All data points for time on Talos and graph server now use “build time”, not “testrun time”.

This will greatly simplify a lot of manual regression triage work for people looking at performance graphs on graph server. Now, if you are tracking down what change caused a perf regression:

  • Before 8am PDT Wednesday, 25 June 2008, all charts use “testrun time”. This means debugging regressions require manually padding a regression range multiple hours wider  – enough to catch from start of build through queue to job starting on available slave. Different O.S. take different amounts of time, and any machine hiccups really complicate this padding-guess-work further. If you get it wrong, you can incorrectly rule out bad changes, so pad out more then you think. It means extra triage work, but is safer.
  • After 8am PDT Wednesday, 25 June 2008, all charts use “build time”. We’re still fixing other problems with timestamps, so you still need *some* extra range padding, but much less padding then before. At most manually pad out to the next/previous hour. This padding should be fixed once the BuildID changes in bug#431270 and bug#431905 are landed.

Anyone curious for details should read Alice’s recent post to mozilla.dev.builds and mozilla.dev.performance (”change in talos time stamps (as of 8am PDT June 25th 2008)”), bug#291167, bug#417633 and bug#419487. This is a continuation of the work described (in tedious detail!) in my previous blog post.

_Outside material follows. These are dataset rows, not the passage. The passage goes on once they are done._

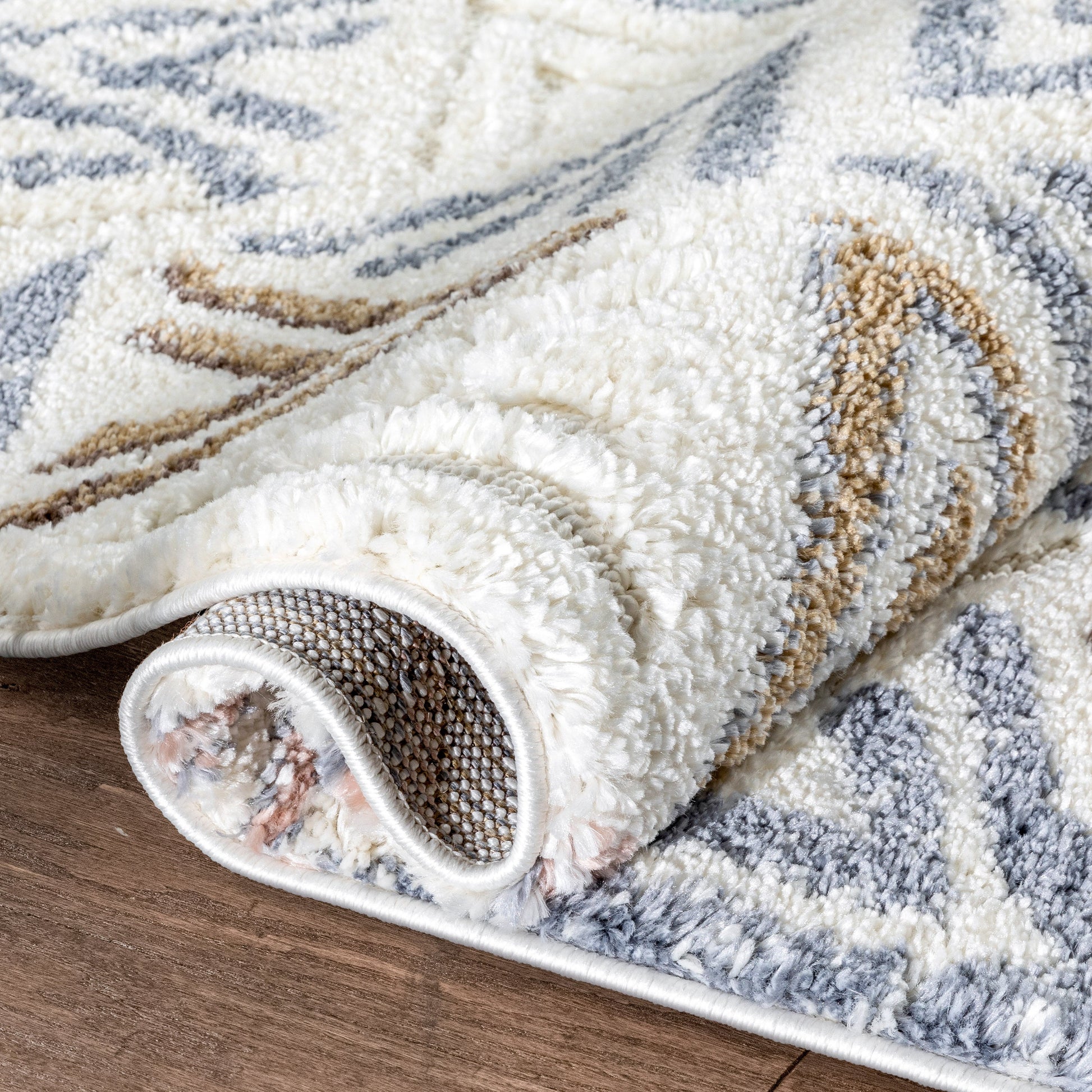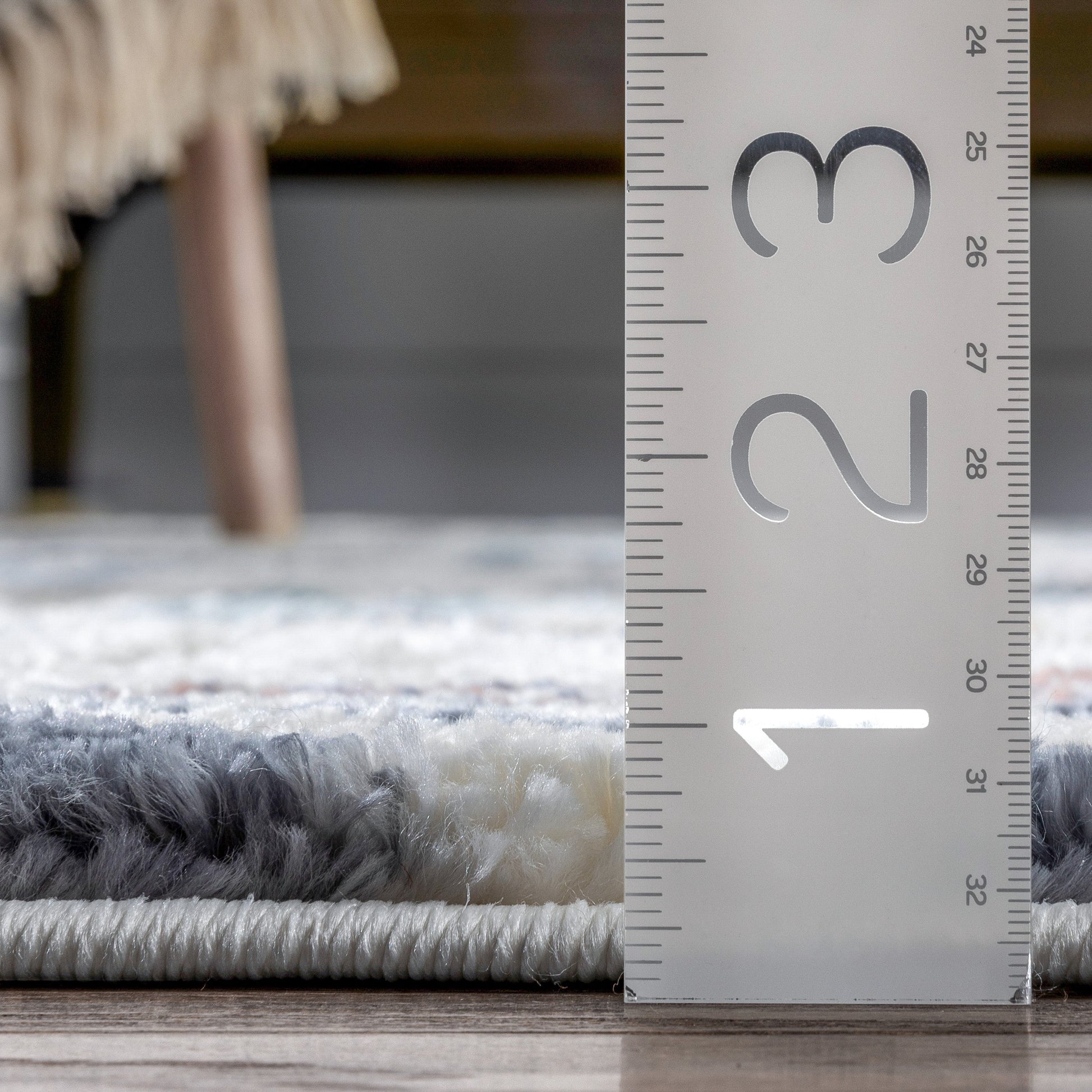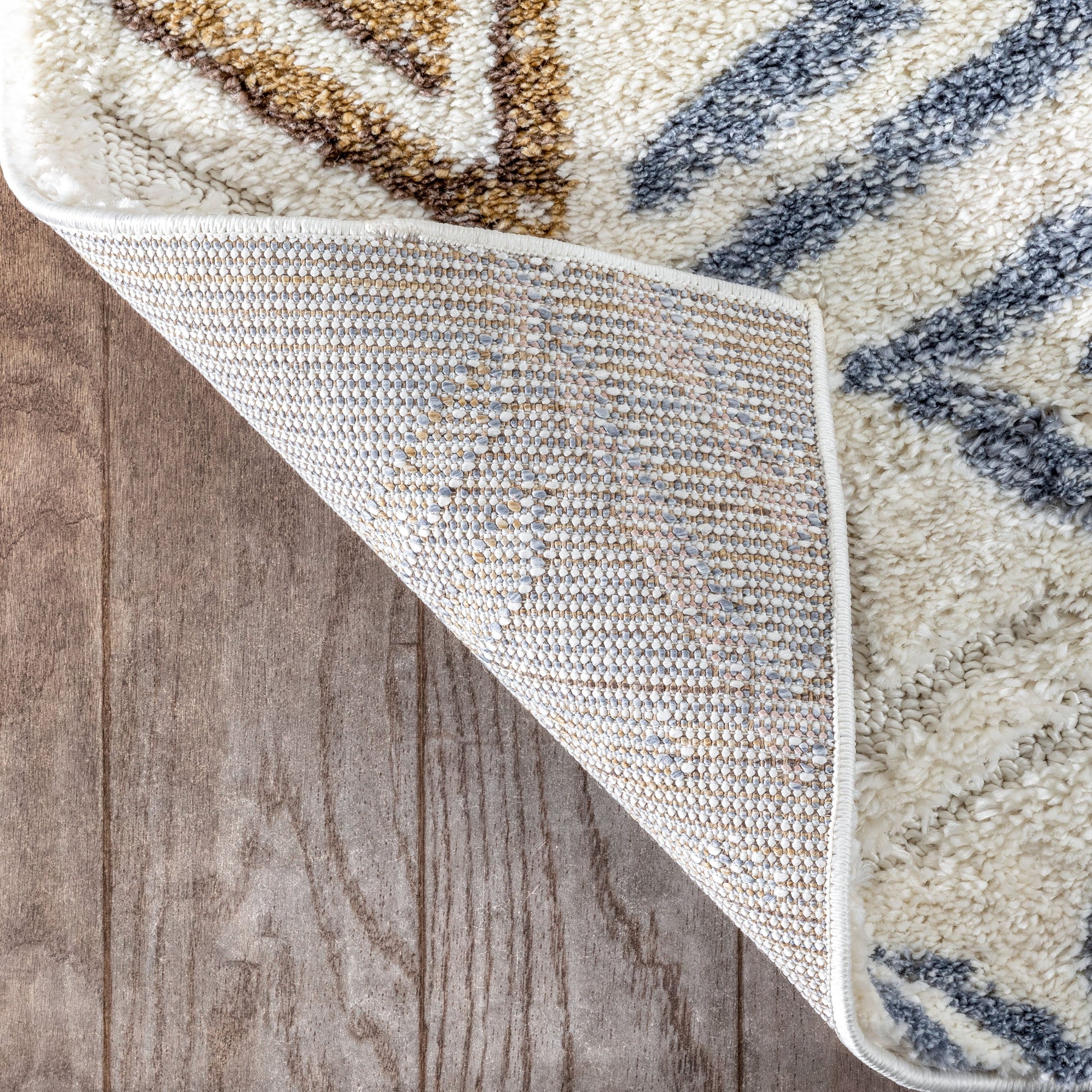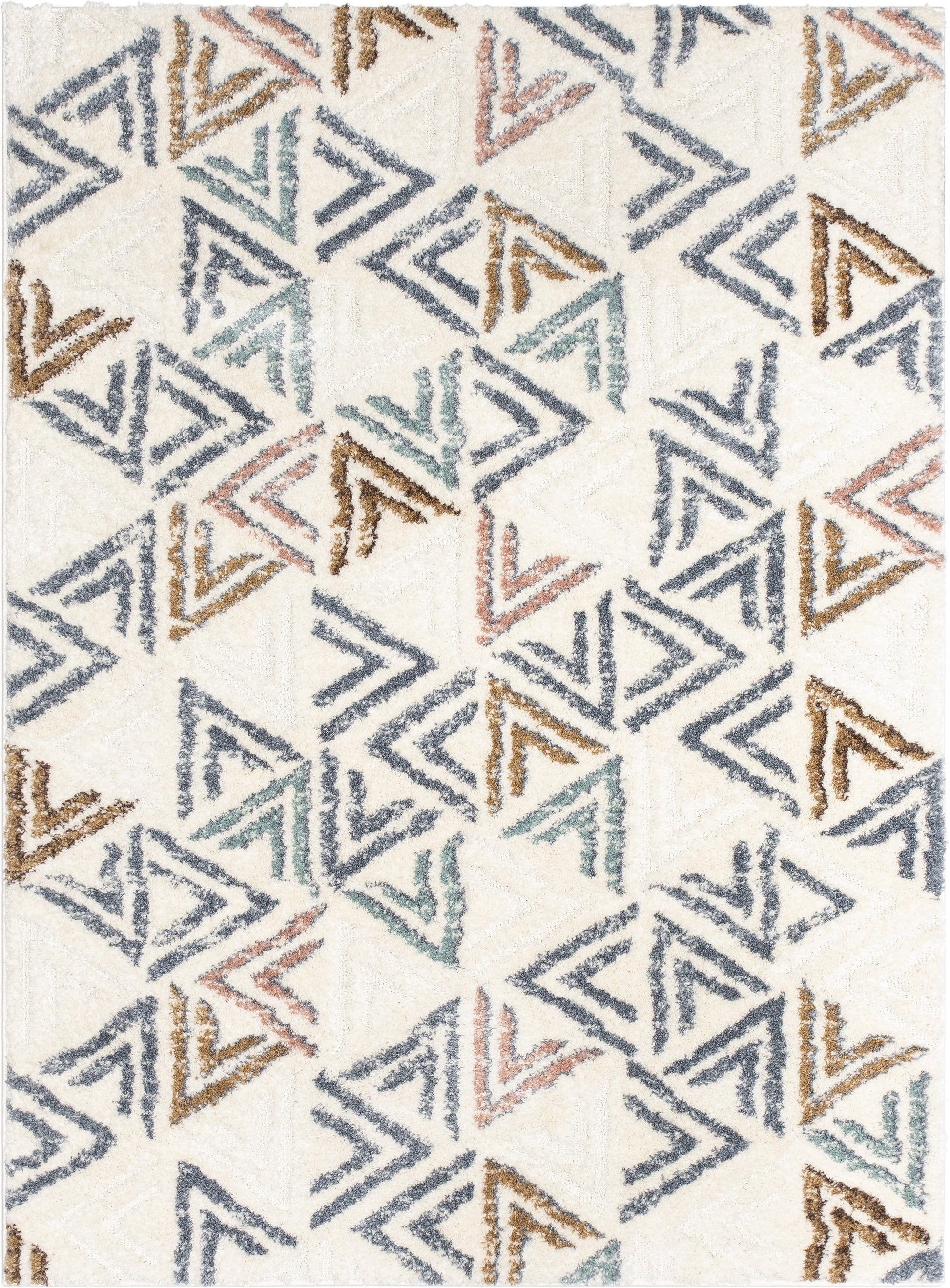 Thanatos Modern Geometric Ivory High-Low Shag Rug DEL-52
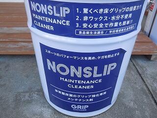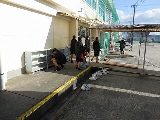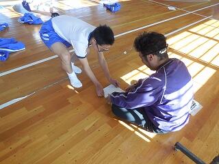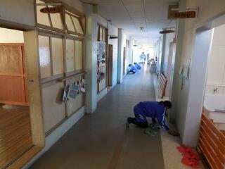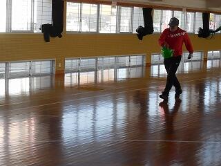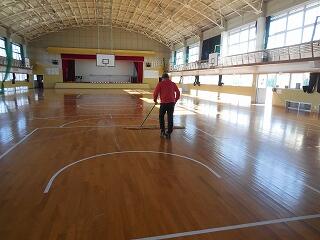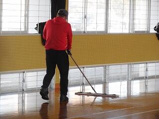 (下、午前中体育館フロアのすべり止め施行が行われました。まず、清掃)
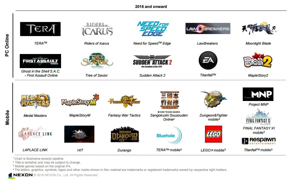 นอกจากนี้ทาง NEXON ยังเปิดเผยข้อมูลเกมออนไลน์ที่จะเปิดให้บริการภายในปีนี้อีกด้วย ซึ่งก็จะมีทั้งเกมบนเวอร์ชั่น PC Online และ Mobile งานนี้ใครที่รอคอยเกมอะไรอยู่เตรียมตัวให้พร้อมกันเลยค่ะ ส่วนตัวอาเจ๊นัทกำลังรอเกม Need for Speed Edge, Sudden Attack 2 และ Titanfall Online ส่วนเกมบนมือถือคงหนีไม่พ้น MapleStory Mobile เพราะภาคนี้อ้างอิงรายละเอียดตัวเกมจากเวอร์ชั่นเดิมแทบจะทั้งหมดเลย ก็ต้องมาดูกันว่าในปีนี้ทาง NEXON จะมีการงัดไม้เด็ดเอาชนะใจเกมเมอร์ทั่วโลกได้เหมือนปีที่ผ่านมาหรือเปล่า
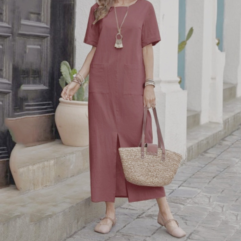 LĂLEGZĆ ELEGĂNS â Lebegj ĂĄt a napodon ebben a lĂ©gies pamut-vĂĄszon maxiban, amely a laza hangulatot Ă©s a kifinomult stĂlust ötvözi. A laza sziluett kecsesen simul a görbĂ©khez, mĂg az oldalsĂł hasĂtĂ©k egy csipetnyi mozgĂĄst Ă©s eleganciĂĄt kölcsönöz.
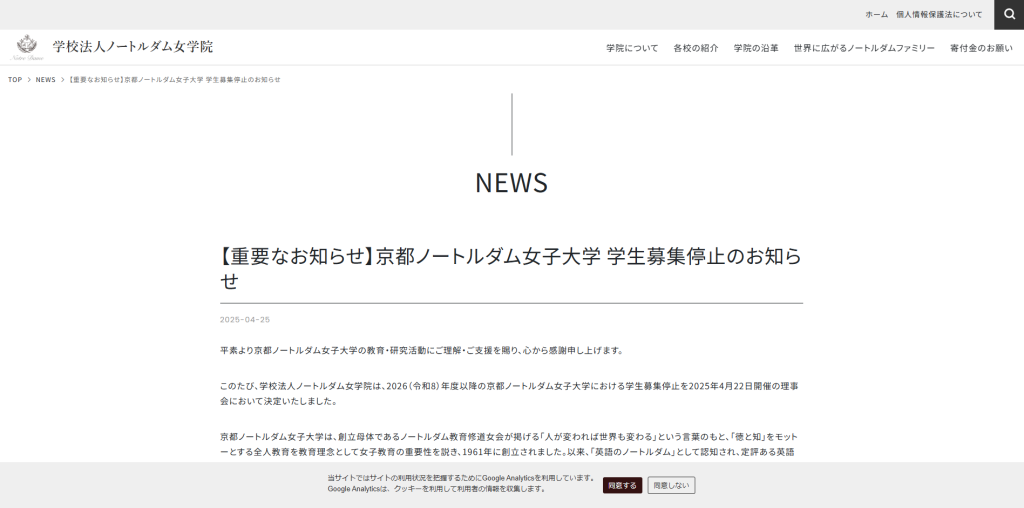 学校法人ノートルダム女学院(京都市)は25日、運営する京都ノートルダム女子大学(京都市左京区)の学生募集を2026年度から停止すると発表した。学生募集の停止は2025年4月22日に開催された同学院理事会で決定されたもので、近年の急速な少子化に伴う18歳人口の激減など厳しい社会情勢を背景に、「苦渋の決断を余儀なくされた」(和田環理事長)という。

This sounds like a small simple change, but it was not. Its a tricky, complex, area in the infrastructure, with lots relying on it, and lots of different people with different assumptions about how time is used here. There was lots of behind-the-scenes homework on this, and to avoid causing any confusion, we held off landing this until after Firefox3 shipped.

Tip of the hat to Alice for pushing this through to production so smoothly.

One thought on “De-tangling timestamps: part2

  1. […] the Tinderbox, Builds, Unittest, Talos and GraphServer systems all needed ways to uniquely identify builds, so each system invented their own (different!) way of doing this… all because the old BuildID was not good enough. Matching up these different systems – how to post a talos result on tinderbox for example – is quite a headache. We’ve already done some cleanup (here and here), but this new BuildID should let us simplify much more of that cross-system integration. […]